**What to do**
Copy nothing past the line containing "The algorithm has". Transcribe every line of the listing below up to and including it, from the first, except pictures.

**Supplied information**
= = = = = = =
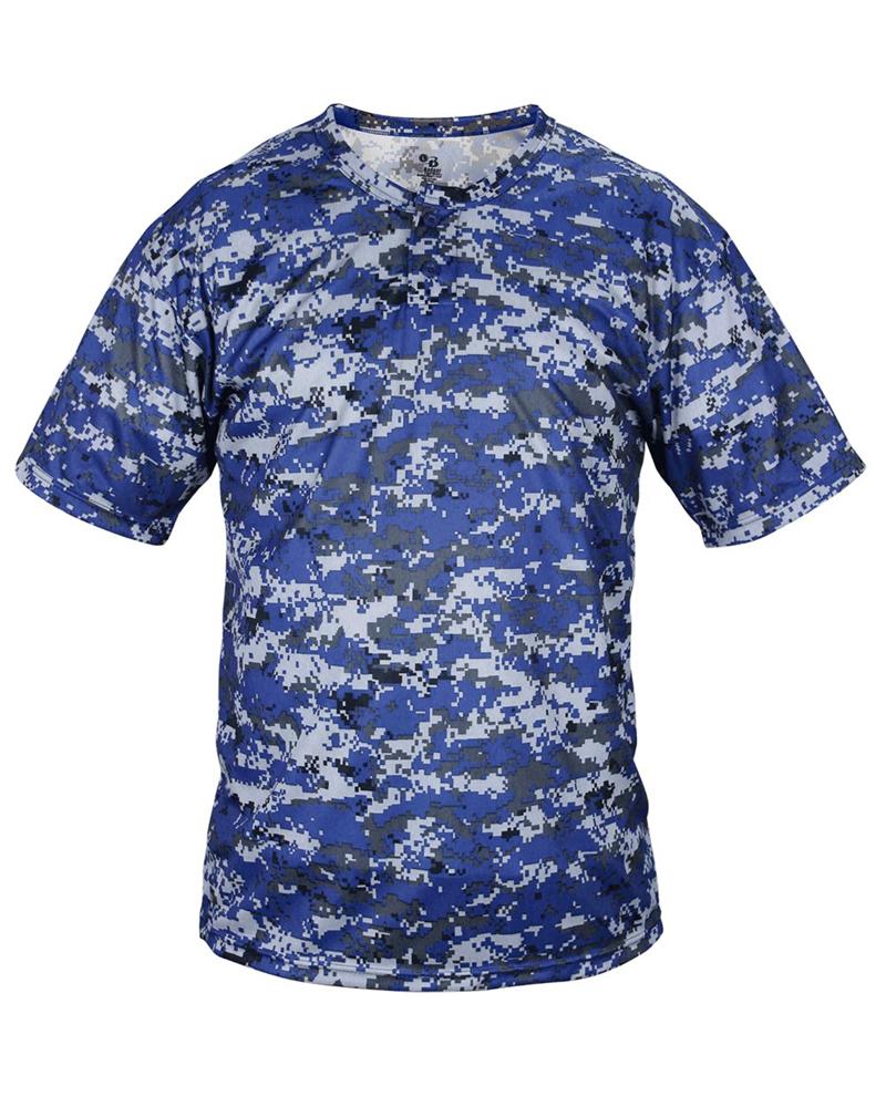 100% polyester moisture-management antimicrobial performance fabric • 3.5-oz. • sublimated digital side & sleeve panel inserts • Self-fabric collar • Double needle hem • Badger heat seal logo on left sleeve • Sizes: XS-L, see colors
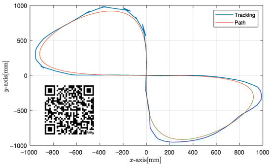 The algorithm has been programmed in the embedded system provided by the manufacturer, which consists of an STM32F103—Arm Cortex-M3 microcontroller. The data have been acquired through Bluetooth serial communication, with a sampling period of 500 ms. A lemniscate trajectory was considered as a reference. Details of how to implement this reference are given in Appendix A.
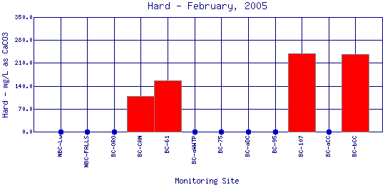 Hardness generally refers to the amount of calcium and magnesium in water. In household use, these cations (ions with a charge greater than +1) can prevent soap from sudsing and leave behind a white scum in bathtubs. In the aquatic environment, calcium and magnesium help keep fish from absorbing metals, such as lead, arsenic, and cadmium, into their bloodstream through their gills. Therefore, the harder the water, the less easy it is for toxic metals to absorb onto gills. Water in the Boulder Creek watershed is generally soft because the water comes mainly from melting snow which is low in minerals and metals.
= = = = = = =
**Answer to this problem**
 100% polyester moisture-management antimicrobial performance fabric • 3.5-oz. • sublimated digital side & sleeve panel inserts • Self-fabric collar • Double needle hem • Badger heat seal logo on left sleeve • Sizes: XS-L, see colors
 The algorithm has been programmed in the embedded system provided by the manufacturer, which consists of an STM32F103—Arm Cortex-M3 microcontroller. The data have been acquired through Bluetooth serial communication, with a sampling period of 500 ms. A lemniscate trajectory was considered as a reference. Details of how to implement this reference are given in Appendix A.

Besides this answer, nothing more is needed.